Artykuł 4. NATO – co mówi i co w zasadzie znaczy?

Wielu polskich polityków, w tym premier Mateusz Morawiecki, sugeruje, że trwający właśnie kryzys graniczny może skłonić władze w Warszawie do skorzystania z artykułu 4. Traktatu Północnoatlantyckiego (NATO). O czym mówi ten artykuł i jakie konsekwencje przyniesie jego uruchomienie? Przyjrzyjmy się zagadnieniu.

Jak brzmi artykuł 4. NATO?

Zacznijmy od przypomnienia kilku faktów. Traktat Północnoatlantycki, zawarty 4 kwietnia 1949 roku w Waszyngtonie, podpisało 12 państw. Wśród układających się stron kluczową rolę odgrywały Stany Zjednoczone Ameryki – główny inicjator i gwarant Traktatu. Celem sojuszu było, rzecz oczywista, powstrzymanie militarnej ekspansji ZSRR. Ten cel został zrealizowany.

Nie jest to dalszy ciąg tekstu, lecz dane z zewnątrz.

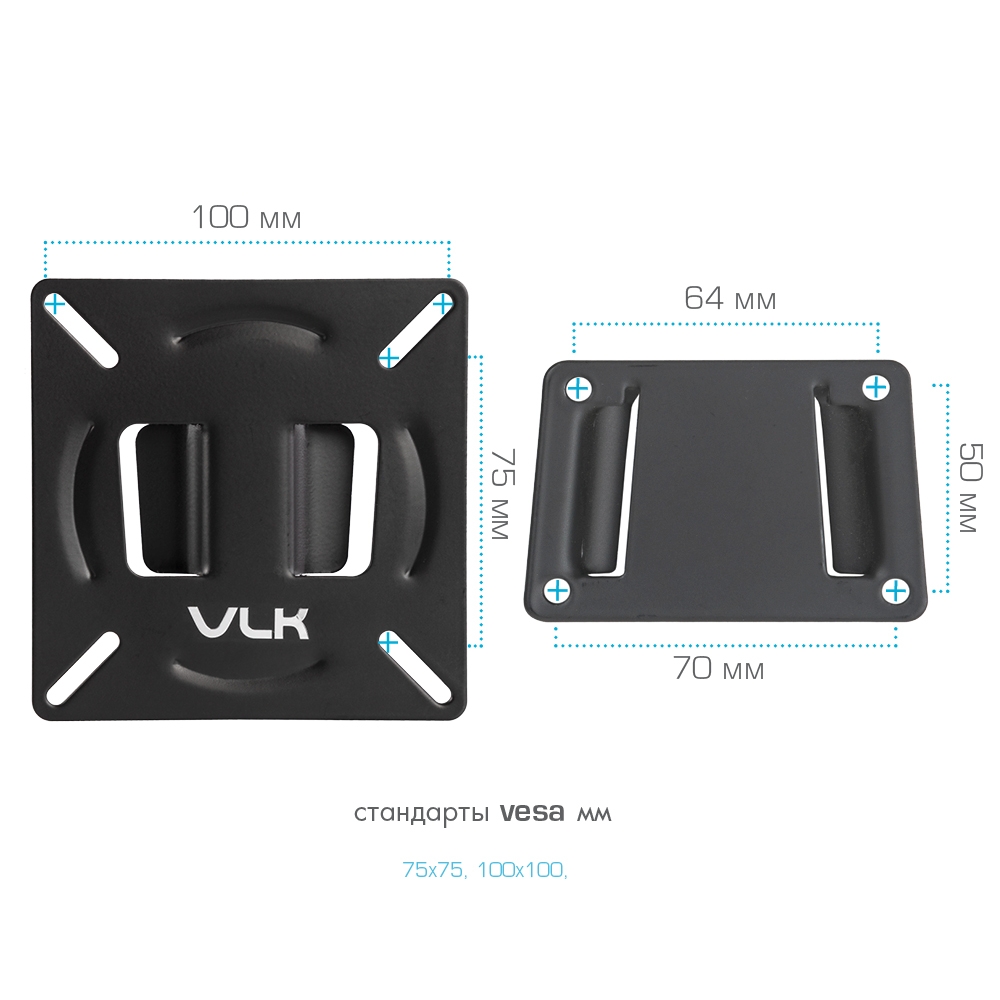 Крепёжные отверстия VLK TRENTO-100 BLACK изготовлены по международному универсальному стандарту VESA.

Polska ostatecznie ratyfikowała dokument 12 marca 1999 roku.

NATO - flagi państw członkowskich

Traktat Północnoatlantycki składa się z 14 artykułów. Nas interesuje artykuł 4. NATO. Brzmi on tak:

Strony będą się konsultowały, ilekroć zdaniem którejkolwiek z nich zagrożona będzie integralność terytorialna, niezależność polityczna lub bezpieczeństwo którejkolwiek ze Stron.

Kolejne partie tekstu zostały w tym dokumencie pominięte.